Мебели было немного. На трех продолговатых столах с зелеными мраморными досками было все необходимое для дамского туалета. На среднем – большие тазы из толстого хрусталя. Второй был занят целой батареей флаконов, шкатулок и ваз всевозможных размеров, с серебряными крышками, украшенными вензелями. На третьем были разложены бесчисленные приборы и инструменты, созданные к услугам современного кокетства и предназначенные для сложных, таинственных и деликатных целей. В комнате стояло всего лишь две кушетки и несколько низеньких табуретов, обитых мягкой стеганой материей, для отдыха уставшего обнаженного тела. Дальше целую стену занимало огромное трюмо, раскинувшееся, как светлый горизонт. Оно состояло из трех створок, причем боковые, подвижные, позволяли молодой женщине видеть себя одновременно и прямо, и сбоку, и со спины, замыкаясь в собственном своем изображении. Справа, в нише, обычно затянутой драпировкой, помещалась ванна, или, вернее, глубокий водоем, тоже из зеленого мрамора, к которому вели две ступеньки. Бронзовый амур, сидевший на краю ванны, – изящная статуэтка работы Предоле – лил в нее холодную и горячую воду из двух раковин, которыми он играл. В глубине этого убежища поднималось венецианское зеркало из наклонно поставленных стекол с гранеными краями; образуя круглый свод, оно защищало, укрывало и отражало в каждой своей частице и водоем и купальщицу.
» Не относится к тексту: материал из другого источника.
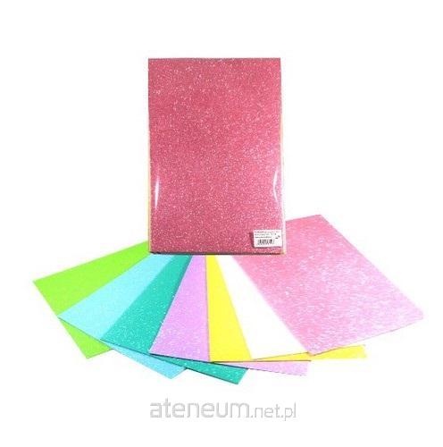 Mikroguma (pianka EVA) w kolorach opalizujących brokatowych w tonacji wiosennej. Opakowanie zawiera 8 arkuszy w formacie 20x30 cm w kolorach jak na zdjęciu.

Немного дальше стоял письменный стол превосходной, но простой современной английской работы, усеянный разбросанными бумажками, сложенными письмами, разорванными конвертами с блестящими золотыми вензелями. Здесь г-жа Бюрн писала и вообще проводила время, когда бывала одна.
Растянувшись на кушетке, в китайском кашемировом капоте, г-жа де Бюрн отдыхала после ванны; ее обнаженные руки, прекрасные, гибкие и упругие, смело выступали из глубоких складок материи, а подобранные кверху и туго скрученные рыжеватые волосы лежали на голове тяжелой массой.
В дверь постучалась горничная и, войдя, подала письмо.
Госпожа де Бюрн взяла его, посмотрела на почерк, распечатала, прочла первые строки и спокойно сказала камеристке: «Я позвоню вам через час».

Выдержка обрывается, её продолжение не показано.